Most of our customers clusters are devoted to 3-6 packages, with some
subset being larger numbers. If your system is used for in-house codes
with no need of guaranteed feature sets (including specific levels of
libraries, supporting packages, etc), by all means, use the distro or
packaging of your choice. If you have a dependency of any sort upon a
package that you do not have source to, you have an effective constraint
on your freedom. Most of our customers are using one or more commercial
codes to which they have no source code.
> but don't pretend that change across releases means that something
> is somehow not production-worthy, or that its defensible for an app
> to depend on the distro, rather than the actual platform (ABI).
<sigh> Apps do depend on distros if you want support from the
commercial vendor, or if you need to defend your results in a legal
forum. The latter is rarely an issue for academic focused machines,
and is very much an issue for industrial research and development folks.
Don't pretend that since it may not apply to you that it doesn't apply
to everyone.
The rate of change of the distro, the focus of the distro, in that it is
a moving target, specifically indicated by the folks who make it, render
it an experimental platform (paraphrase of their words). Experimental
platforms do not a production system make. You can go argue the point
with Redhat if you like, they freely admit that it is an experimental
platform. This system is designed to be the platform where Redhat tests
things (e.g. proving ground). Test systems are not production systems.

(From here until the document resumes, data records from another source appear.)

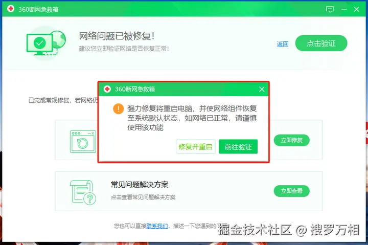 强力修复会重启电脑,重置网络配置:
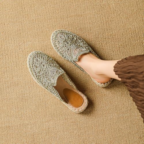 Putu Women's Espadrille Hollow Out Mules Closed Toe Slide Sandals Summer Vacation Flat Shoes 6
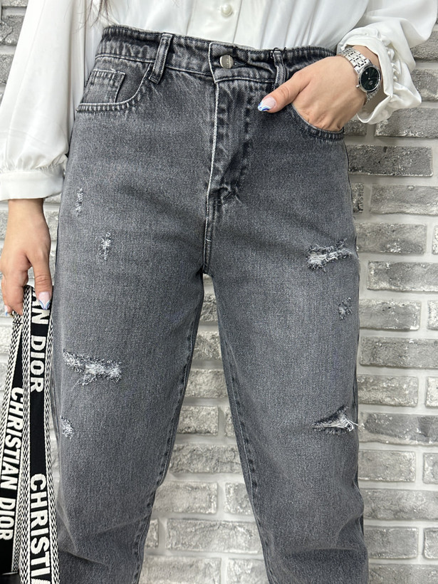شلوار جین مام استایل دودی زاپدار کد 10489
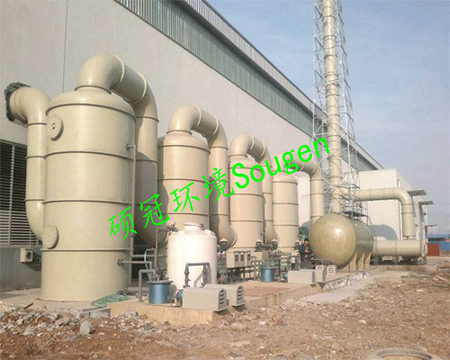 塔體的最上部是除霧段,氣體中所夾帶的吸收液霧滴在這里被清除下來,經(jīng)過處理后的潔凈空氣從廢氣吸收塔上端排出,經(jīng)風(fēng)機(jī)和排放煙囪達(dá)標(biāo)排放。
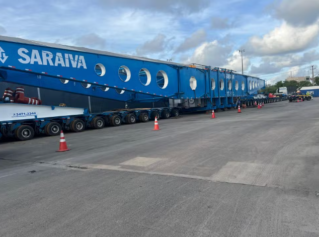 Somado ao transformador, o conjunto possui um Peso Bruto Total de 600 toneladas, distribuídas nos eixos da composição para reduzir o impacto sobre o pavimento.
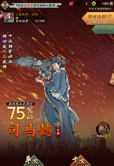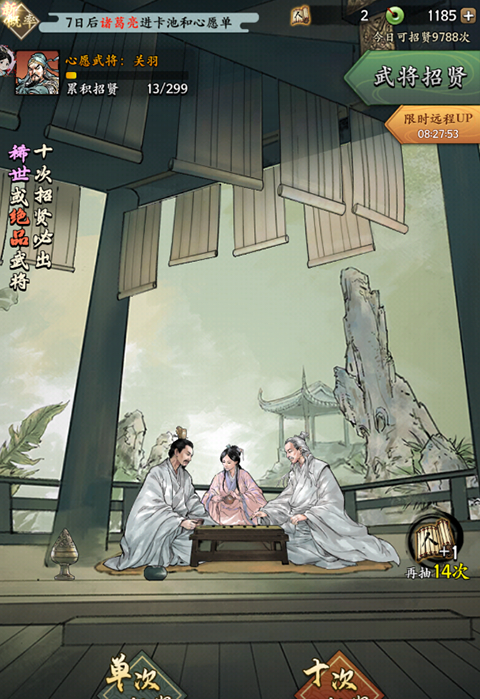 而在你们将这个设定为心愿的武将抽到之后,是可以将其换一个再进行抽取的。此处想更快获取高品质的武将,那么就需要进行十连,此处是有保底的,最多抽取五十次便会出绝品的武将,如果你运气好,那么就会更快获取。

>>>only means that FC is on a shorter release cycle, and might contain
>>>the new puce-and-teal color scheme, which turns out to be a bad idea.
>>On the contrary, I don't think SE-Linux is "puce-and-teal color scheme".
>>
>> Nor are 4k stacks (that broke many many drivers). Yes, FC introduced
>
> they were all trivially disable-able. also, what commercial applications
> depend on the size of the kernel stack?
You made the insinuation that the only real release to release changes
were "puce-and-teal color scheme", which I pointed out to be obviously
false. If you did not mean to insinuate it, maybe you can indicate what
what you perceive the maximal impact release to release changes are.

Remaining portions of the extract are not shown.